The Employers’ Federation of Ceylon (EFC) recently concluded its 97th Annual General Meeting at the BMICH. At this general meeting, the Board of Trustees and Council Members representing different employer groups were appointed for the financial year 2026/27.

The outgoing Chairman, Dinesh Weerakkody expressed his appreciation to the Council, Members and the EFC Secretariat for the invaluable support extended to him throughout his tenure. Sanath Manatunge, Managing Director/CEO of the Commercial Bank of Ceylon PLC was appointed as the new EFC Chairman while Dinal Peiris, Chairman and Managing Director of the Lanka Aluminium Industries PLC Group was appointed as the Vice Chairman.

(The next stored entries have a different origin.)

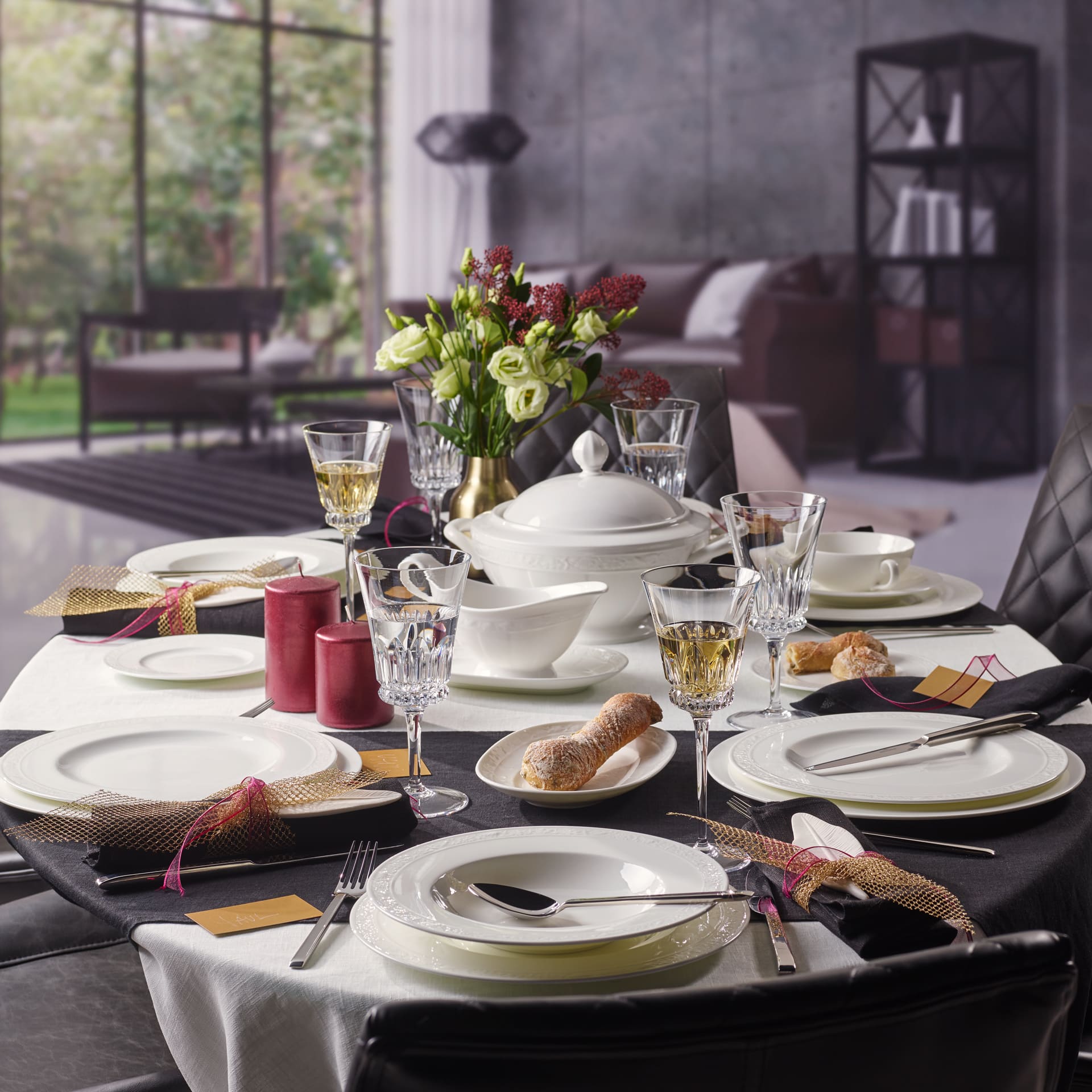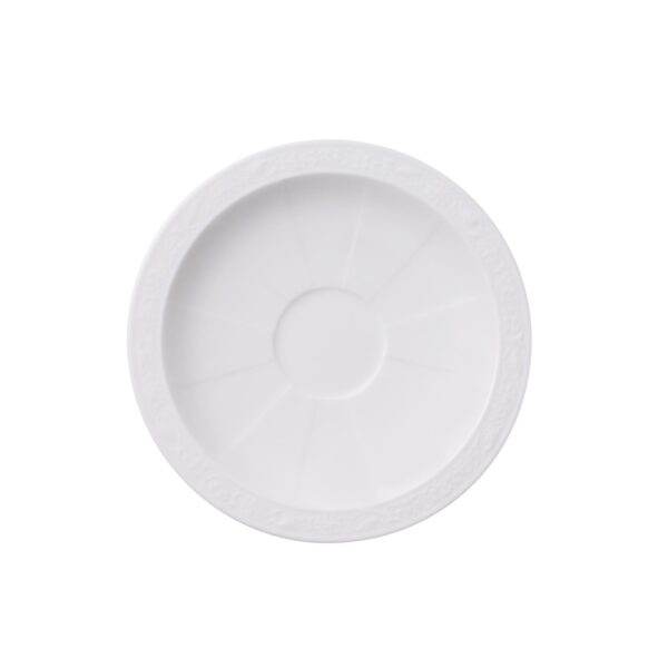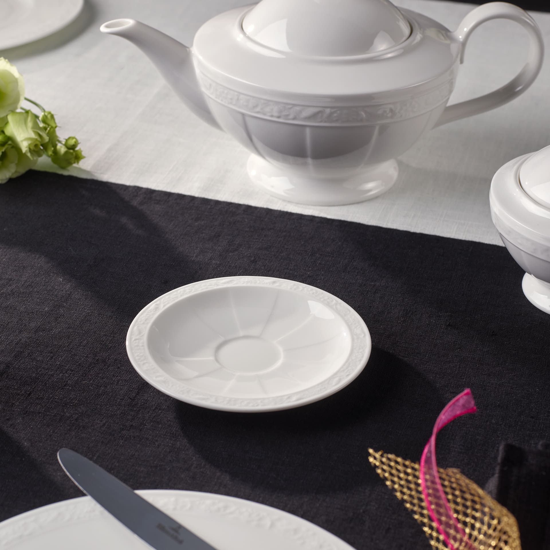 Enjoy strong coffee specialities with Villeroy Boch. Villeroy Boch offers delicate porcelain crockery in a classic design with its White Pearl. The gleaming white and the subtle decorations underscore the elegant character of the collection. This refined saucer gives you the perfect foundation for original Italian espresso pleasure. Create an elegant atmosphere with this saucer while drinking espresso.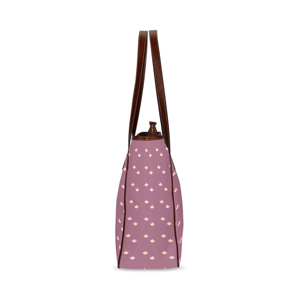 The whole bag zippers shut to keep all of your secrets safely inside or there's an adjustable & securable flap to make room for your pillow. :) Inside there's a clasp that is perfect for clipping your keys, a badge, or that always necessary hand-sanitizer.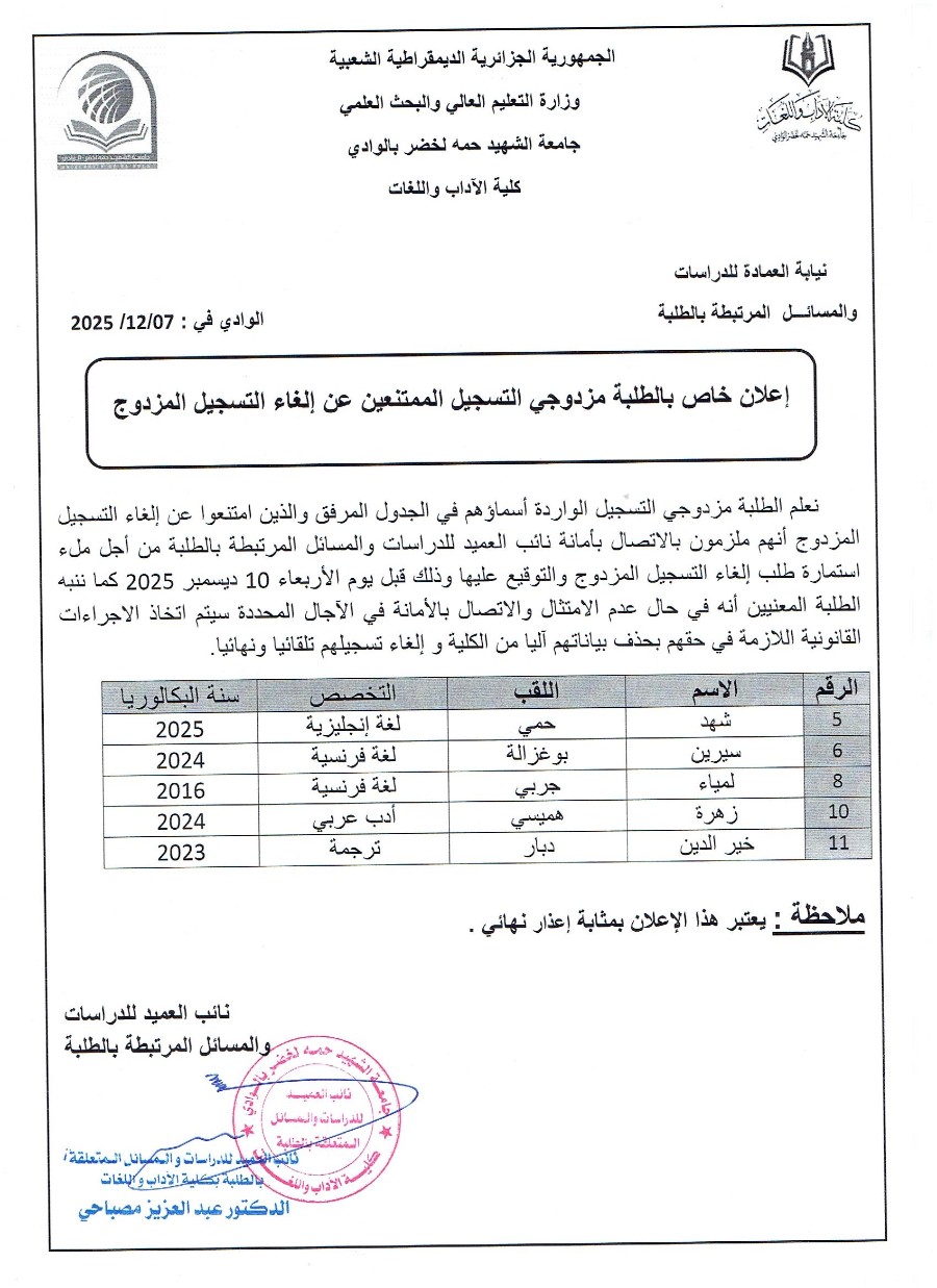 إعلان هـام خاص بالطلبة مزدوجي التسجيل الممتنعين عن إلغاء التسجيل المزدوج

In his inaugural address, the new Chairman, while underlining the significance of the Federation, stated that, as the National Employers’ Organisation, the EFC will continue to contribute to labour law reforms that support future-ready businesses while driving responsible business initiatives. Manatunge who counts 36 years of experience having held very senior positions in the financial sector, presently serves on the Boards of Commercial Development Company PLC, and Commercial Bank of Maldives (Pvt) Ltd. as the Deputy Chairman. He is also the Chairman of the Sri Lanka Banks’ Association. Following his appointment as the new EFC Chair, the senior professional further emphasised the importance of engaging with the tripartite stakeholders to collaboratively advance shared objectives and strengthen Sri Lanka’s employment landscape.

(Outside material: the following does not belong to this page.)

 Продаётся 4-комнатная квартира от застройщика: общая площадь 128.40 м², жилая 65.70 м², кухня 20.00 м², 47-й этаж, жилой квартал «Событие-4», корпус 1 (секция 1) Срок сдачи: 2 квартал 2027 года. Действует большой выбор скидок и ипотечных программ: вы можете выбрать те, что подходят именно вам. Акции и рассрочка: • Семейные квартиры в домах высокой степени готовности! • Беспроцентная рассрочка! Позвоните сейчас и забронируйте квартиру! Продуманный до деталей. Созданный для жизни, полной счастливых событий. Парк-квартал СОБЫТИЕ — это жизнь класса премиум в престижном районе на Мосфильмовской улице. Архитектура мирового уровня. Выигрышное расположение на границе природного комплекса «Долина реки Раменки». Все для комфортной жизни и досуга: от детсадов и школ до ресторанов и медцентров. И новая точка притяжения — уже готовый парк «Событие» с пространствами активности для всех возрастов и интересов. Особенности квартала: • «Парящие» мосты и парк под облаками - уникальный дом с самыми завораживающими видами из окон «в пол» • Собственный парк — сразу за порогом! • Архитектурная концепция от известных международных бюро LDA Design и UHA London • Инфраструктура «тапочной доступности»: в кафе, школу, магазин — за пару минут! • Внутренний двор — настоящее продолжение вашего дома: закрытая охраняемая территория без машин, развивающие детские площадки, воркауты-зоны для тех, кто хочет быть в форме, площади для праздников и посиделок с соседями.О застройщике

Manatunge also represents key industry interests as a Member of the UNICEF Business Council, the Ceylon Chamber of Commerce, and the World Bank Group’s Private Sector Advisory Council. His regulatory and advisory contributions include serving as an Ex-Officio Member of the Stakeholder Engagement Committee of the Central Bank of Sri Lanka, as well as a Member of the Project Steering Committee (PSC) for the Central Bank’s Fraud Risk Management (FRM) System.